The note was found after a particularly cold night in South Australia.

An infuriated man has blasted a stranger who left a nasty note on his wife’s car, accusing them of treating their animals poorly.

The couple, from Murray Bridge in South Australia, found the note after temperatures dropped lower than average on Monday morning.

“Your [sic] a lousy human,” the handwritten note began. “4°C — (under) 2°C and dogs outside. F**k me, what a c**t.”

Funnily enough, the insult-ridden note was penned on a business’s letterhead which reads ‘with compliments’ along the top.

The handwritten note that reads:
The note was left on their car after a particularly cold night. Source: Facebook/Getty

As the owner of the dogs had no way to respond to the anonymous note writer, he instead took to his local Facebook page to issue a furious response.

“To the d**khead who left this note on my wife’s car this morning, you know nothing about my dogs, they have kennels inside a shed as well as outside, not that it has anything to do with you,” he wrote.

“Also, we know who you are because the people across the road has CCTV. If you are so concerned about my dogs go up and pat them, d**khead.
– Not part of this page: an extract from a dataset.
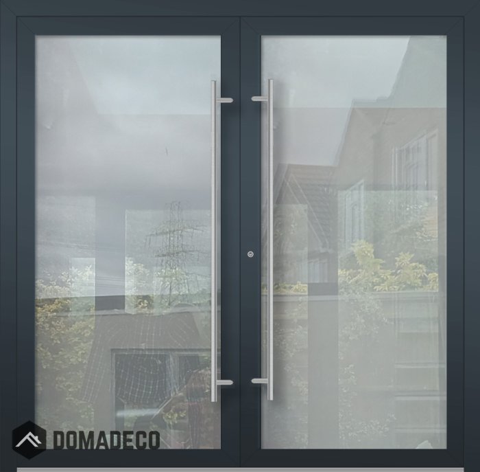 LIM Glass double – Porte double en aluminium avec façade entièrement vitrée et givrée
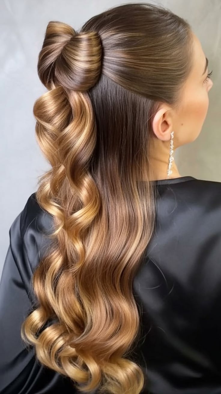 Compared to a plain ponytail, this one gives you that sculpted, elevated finish without needing a full glam updo. Start by smoothing the top into a tight ponytail—almost like a slicked-back ponytail—then use hair to form the bow shape and secure it with pins and a hidden elastic. Curl the ponytail into large, uniform waves for that glossy, ribbon-like effect. It works best on straight hair or hair that’s been blow-dried smooth, and it’s especially great for medium to long lengths. Add shine spray and you’re done—clean, dramatic, and very birthday.

“You must have been busy this morning writing notes to everybody that has dogs outside. What the f**k was you snooping around that time of the morning anyway?”

Most Facebook users agreed the note writer was in the wrong, saying their dogs prefer to sleep outside.

"Crazy how dogs and other animals survive in the wild," one wrote.

"WTF. My 2 dogs sleep outside and keep warm together in their large crate, and extra dog bed... so what.. how rude to do that to you," another said.

Someone else questioned who goes on a walk with paper and a pen.

Are kennels enough to keep dogs warm?

Sadly, the RSPCA sees a spike in cases of neglect during winter and offered some advice: "If it’s too cold for you, there’s a good chance it’s too cold for your pets too."

They said short-coated, elderly, young, underweight and unwell animals are especially vulnerable during low temperatures, and animals who sleep outside should always have proper shelter from the elements.

Outdoor pets may require more food in winter, as it takes more energy to regulate their body temperature in the cold, and it's recommended that if the weather is likely to drop below zero degrees, metal water bowls should be replaced with plastic ones to stop your pet's tongue from sticking to the bowl.

If you notice an animal in distress, call your local RSPCA hotline.